In the 18th century, the concept that the age of the Earth was millions, if not billions, of years began to appear. However, most scientists throughout the 19th century and into the first decades of the 20th century presumed that the universe itself was Steady State and eternal, with maybe stars coming and going but no changes occurring at the largest scale known at the time.
The first scientific theories indicating that the age of the universe might be finite were the studies of thermodynamics, formalized in the mid-19th century. The concept of entropy dictates that if the universe (or any other closed system) were infinitely old, then everything inside would be at the same temperature, and thus there would be no stars and no life. No scientific explanation for this contradiction was put forth at the time.
In 1915 Albert Einstein published the theory of general relativity and in 1917 constructed the first cosmological model based on his theory. In order to remain consistent with a steady state universe, Einstein added what was later called a cosmological constant to his equations.
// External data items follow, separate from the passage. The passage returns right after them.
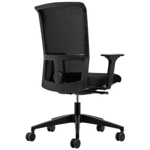 Otočná kancelářská židle s vysokým polstrovaným opěradlem, které lze aretovat v přední i zadní poloze.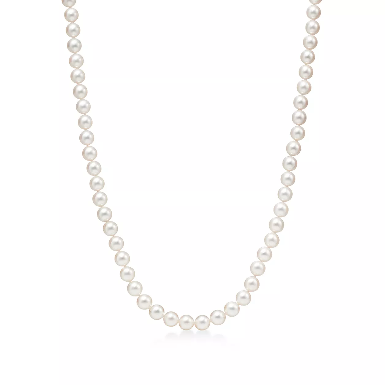 Halskette aus Akoya-Zuchtperlen mit Verschluss in 18 Karat Weißgold. 45,7 cm lang. Am dekorativen Schild in 18 Karat Weißgold ist der Schriftzug „Tiffany & Co.“ eingraviert. Perlen, 6,5 bis 7 mm.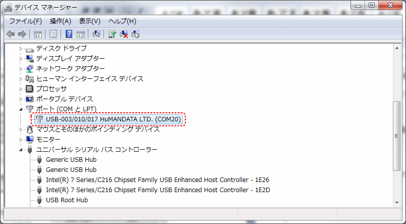- 展開すると、使用可能なCOMポートが一覧で表示されます。各デバイシーのCOMポート番号を確認できます。
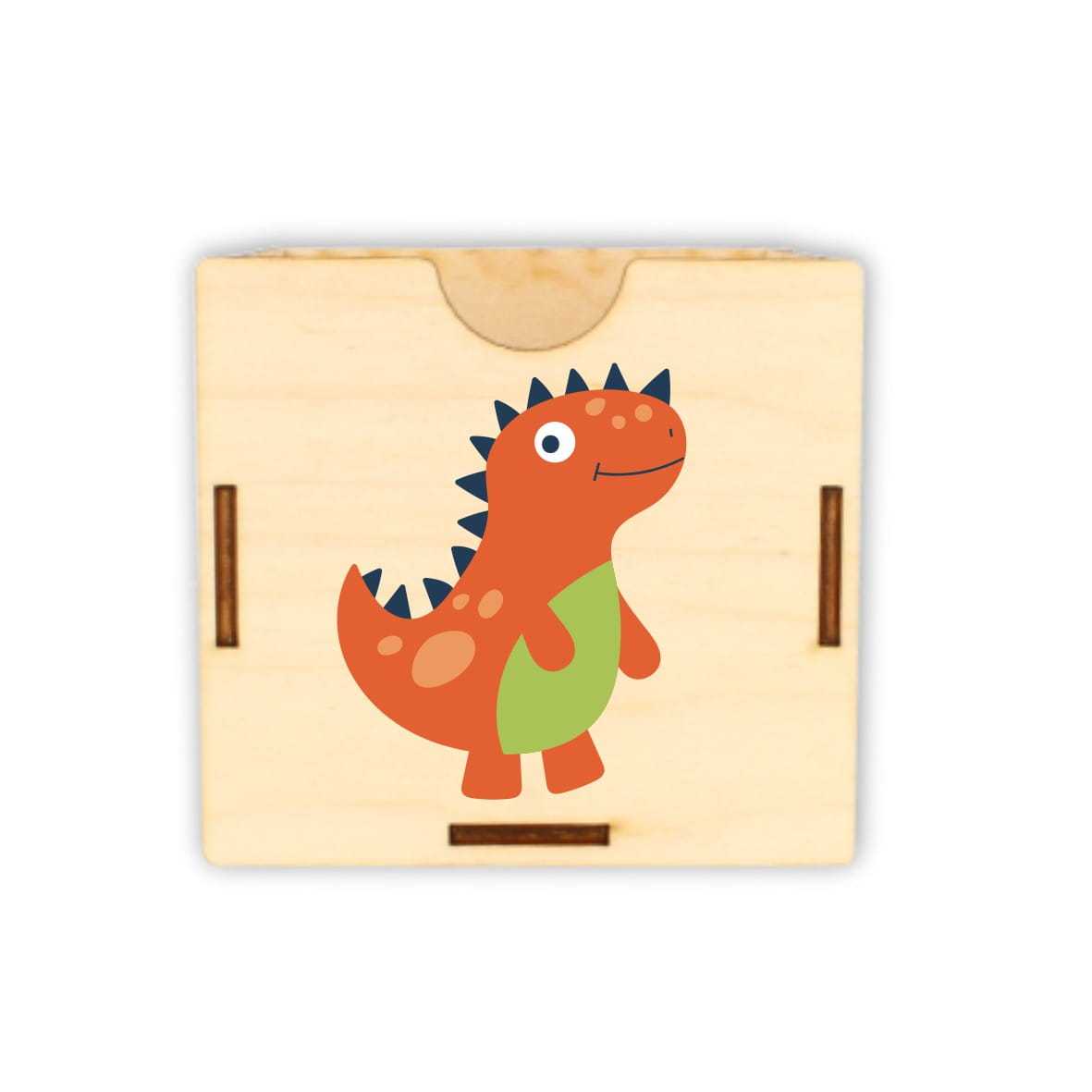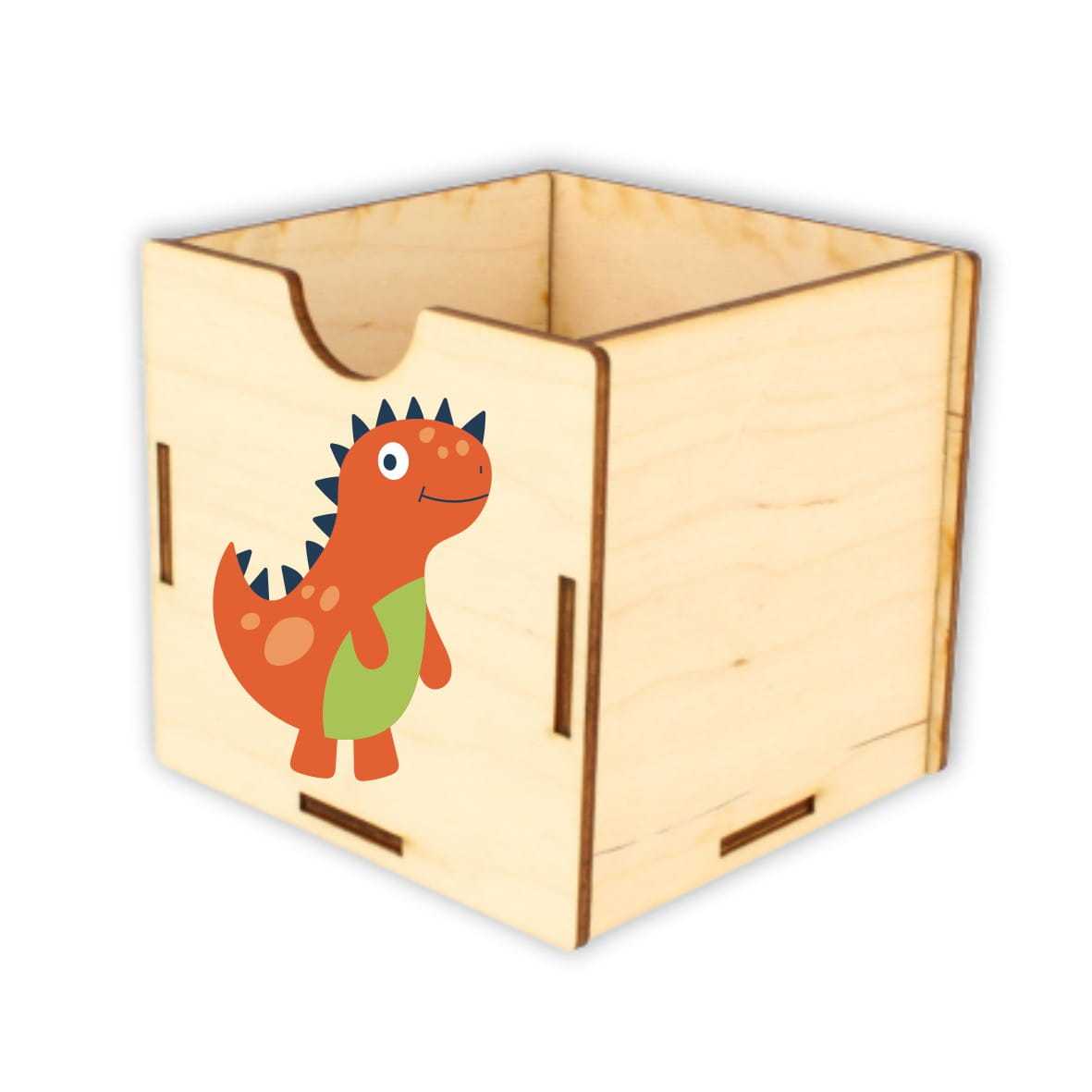 Dobrze zorganizowana przestrzeń to podstawa do nauki i zabawy. Drewniane pojemniki na akcesoria szkolne: kredki, mazaki, długopisy, pomogą zorganizować przestrzeń na biurku dziecka. Na froncie pojemnika nadrukowany jest kolorowy dinozaur.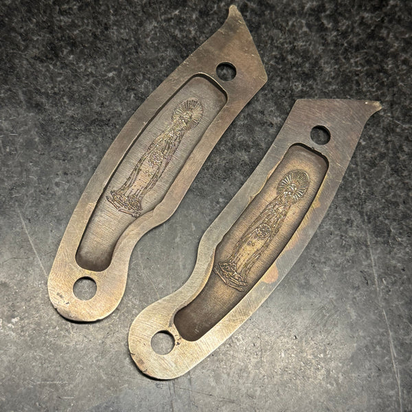 These are polyetherimide ULTEM scales for the Elvia that are slightly translucent. The inside of one scale is engraved with Santa Muerte holding the Elvia.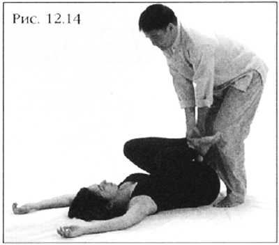 Согните ноги партнера, скрестив их в лодыжках, и положите ниже своих коленей (фото 12.14).

However, already in 1922, also using Einstein's theory, Alexander Friedmann, and independently five years later Georges Lemaître, showed that the universe cannot be static and must be either expanding or contracting. Einstein's model of a static universe was in addition proved unstable by Arthur Eddington.
The first direct observational hint that the universe has a finite age came from the observations of 'recession velocities', mostly by Vesto Slipher, combined with distances to the 'nebulae' (galaxies) by Edwin Hubble in a work published in 1929. Earlier in the 20th century, Hubble and others resolved individual stars within certain nebulae, thus determining that they were galaxies, similar to, but external to, our Milky Way Galaxy. In addition, these galaxies were very large and very far away. Spectra taken of these distant galaxies showed a red shift in their spectral lines presumably caused by the Doppler effect, thus indicating that these galaxies were moving away from the Earth. In addition, the farther away these galaxies seemed to be (the dimmer they appeared to us) the greater was their redshift, and thus the faster they seemed to be moving away. This was the first direct evidence that the universe is not static but expanding. The first estimate of the age of the universe came from the calculation of when all of the objects must have started speeding out from the same point. Hubble's initial value for the universe's age was very low, as the galaxies were assumed to be much closer than later observations found them to be.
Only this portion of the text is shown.